Diagnostic ultrasound is emitted in short pulses lasting in the order of a microsecond (millionth of a second).  The system then waits a fraction of a millisecond (one thousandth of a second) for the returning echo.  Pulse intensities are measured in W/cm2 (Watts per square centimetre) and time-averaged intensities in mW/cm2 (milliwatts per square centimetre).  The time-averaged (formally expressed as Ispta) intensity quoted for the ADR 2130 used in the Norwegian handedness outcome study around 1980 was 0.11 mW/cm2 (1).  The ADR was a widely used unit at that time, and the only one I had access to for about 2 years.  Results of this study raised the question of effects of prenatal ultrasound on subsequent handedness.  A Mayo Clinic demonstration of fetal stimulation by diagnostic ultrasound (combined standard imaging and pulsed Doppler) using an Acuson 128 XP gave the standard imaging (B-mode) intensity as144 mW/cm2, quoted from the 1995 service manual (2).  The authors of this article describe the output value as typical of modern scanners.  There are technical arguments about how comparable the measurements related to these two studies are, but there is as much reason to believe that the more than 1000-fold increase is an underestimate as an overestimate (31)

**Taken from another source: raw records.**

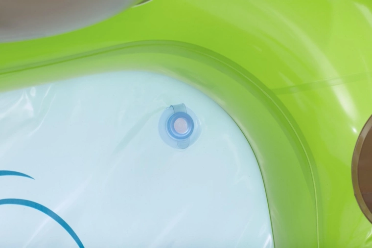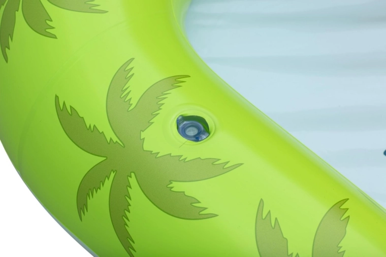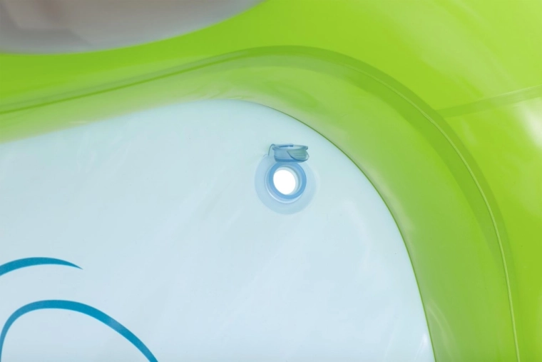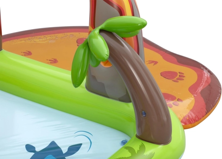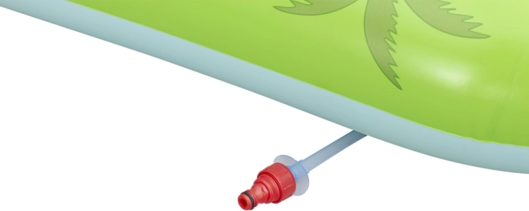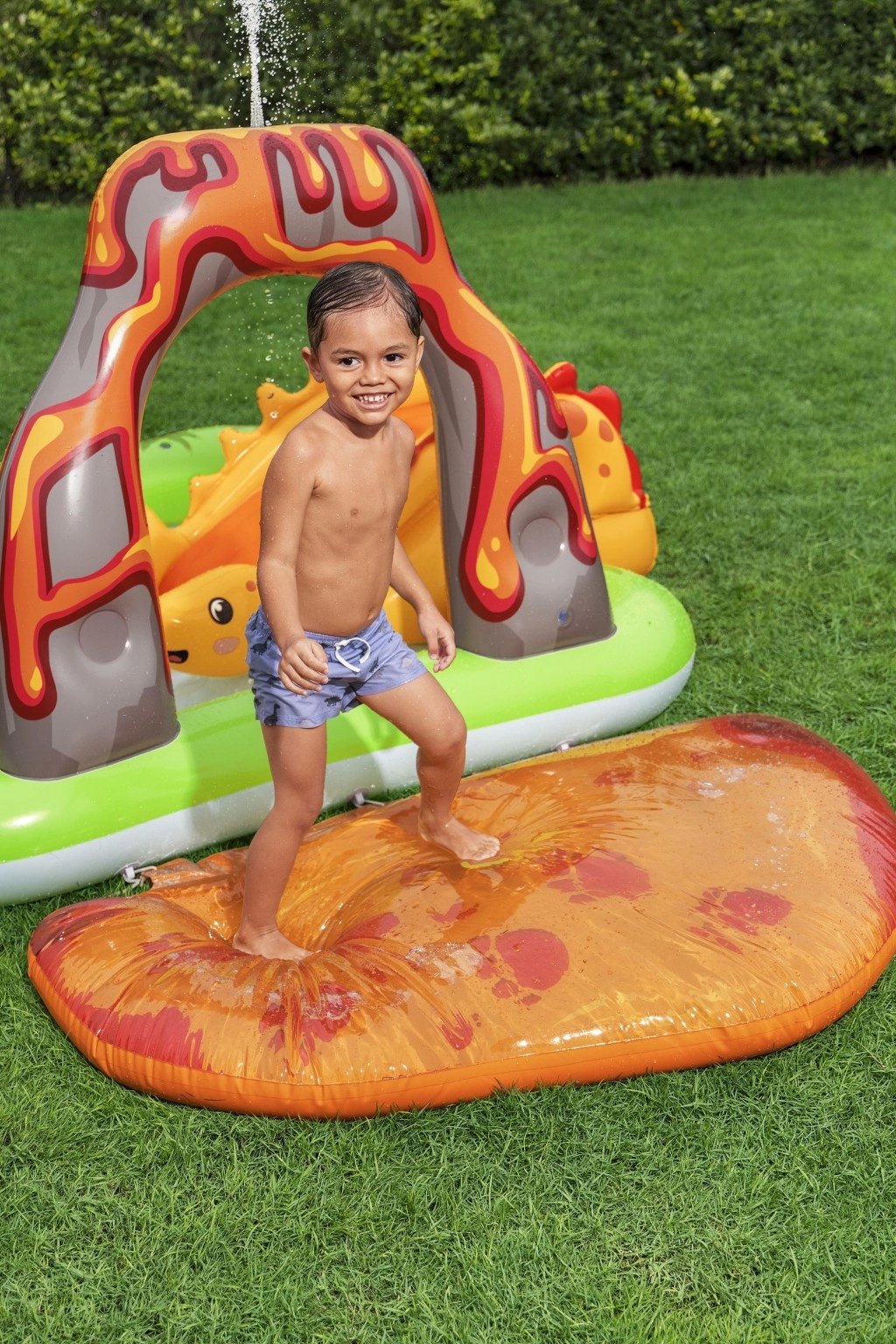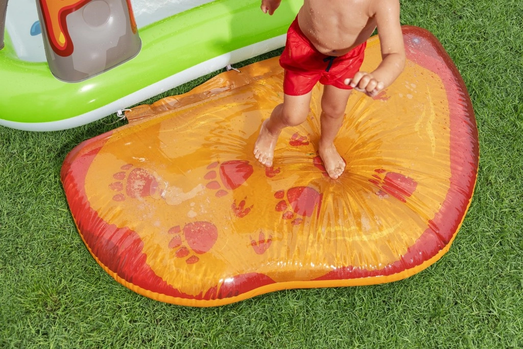 Det oppustelige legetræningscenter med dinosaurer er et ideelt valg til aktiv sommersjov for børn fra 2 år. Den grønne pool med palmeprint og blå bund rummer ca. 150 l vand, mens den separate vandmåtte med lavatema tilføjer yderligere 80 l for en blød landing og sjov trampen. Den integrerede spreder på vulkanbuen tilsluttes nemt til haveslangen og skaber på få øjeblikke en forfriskende bruse.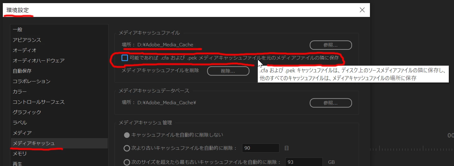 赤丸で囲った部分の設定にチェックが入っていると、素材ファイルと同じフォルダに.pekファイルができます。チェックを外すと、メディアキャッシュファイルの保存場所で指定されているディレクトリに保存されるようになります。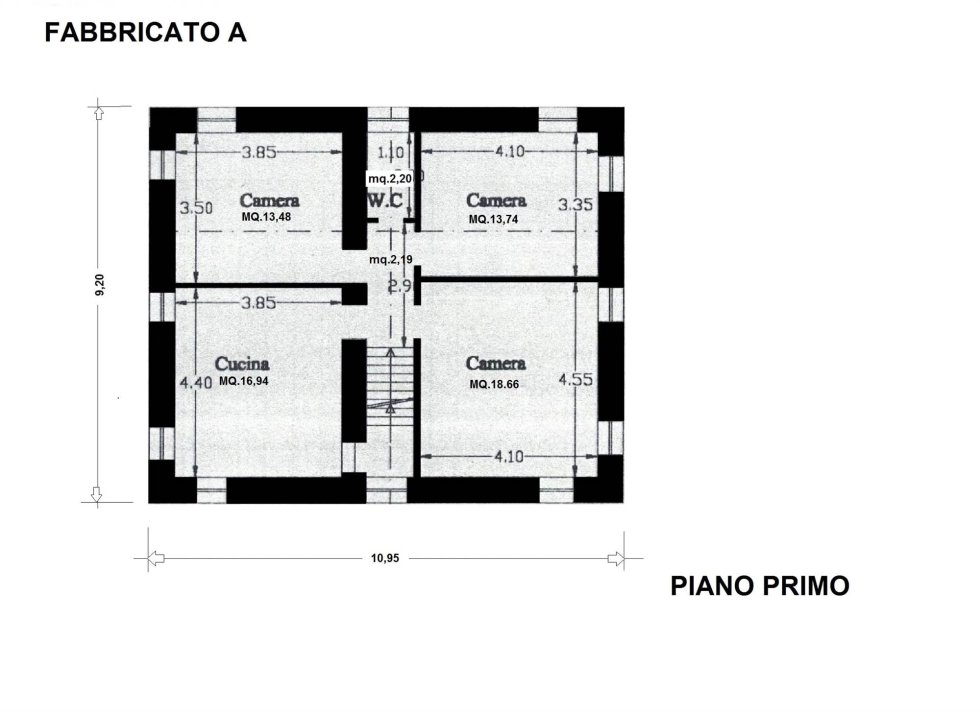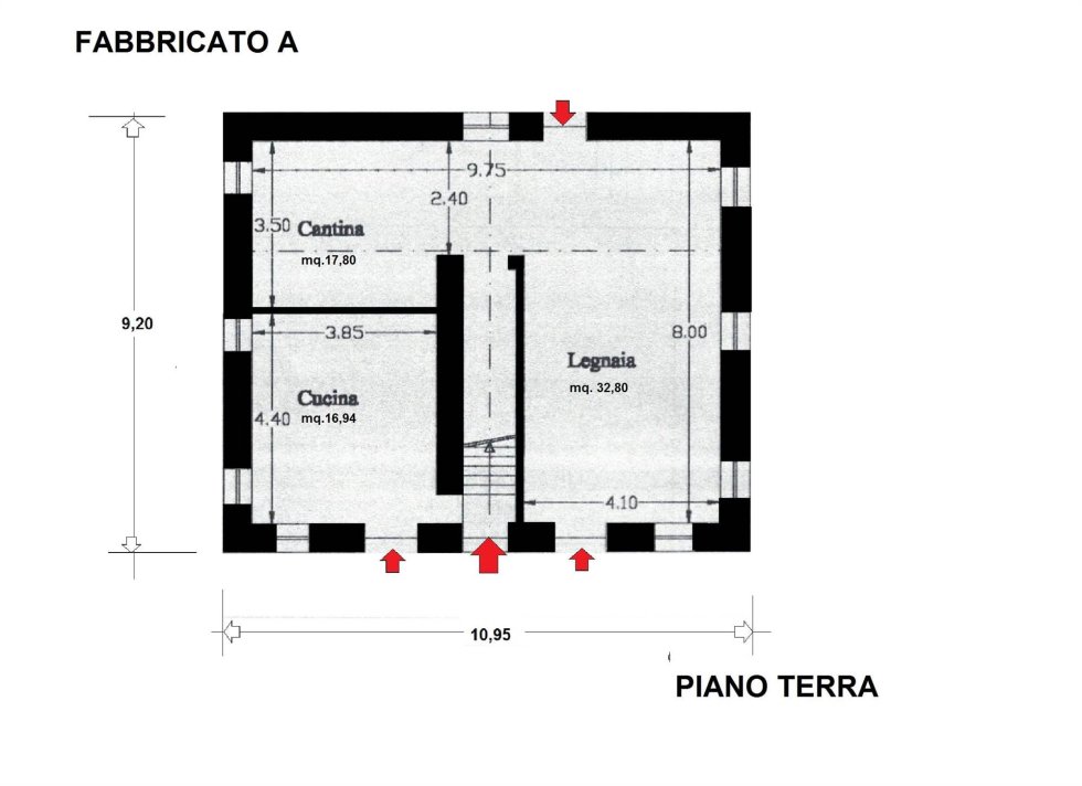 A) Farmhouse on two floors with earthquake contributions for reconstruction (damaged by the 2016 earthquake) of approx. 190, with the possibility of reconstruction in a different position within the court.

The current regulatory upper limit for Ispta is 720 mW/cm2, except for ophthalmic ultrasound where the limit is 50 mW/cm2   (9c, 15a).  Although not of direct relevance, a recognized authority in ultrasound physics has noted that the threshold for pain in the audible sound range, usually given as 130 dB, represents an intensity of 1 mW/cm2 (3).  (Ultrasound at diagnostic frequencies is completely blocked by air and therefore is not a hearing hazard to operators or patients.)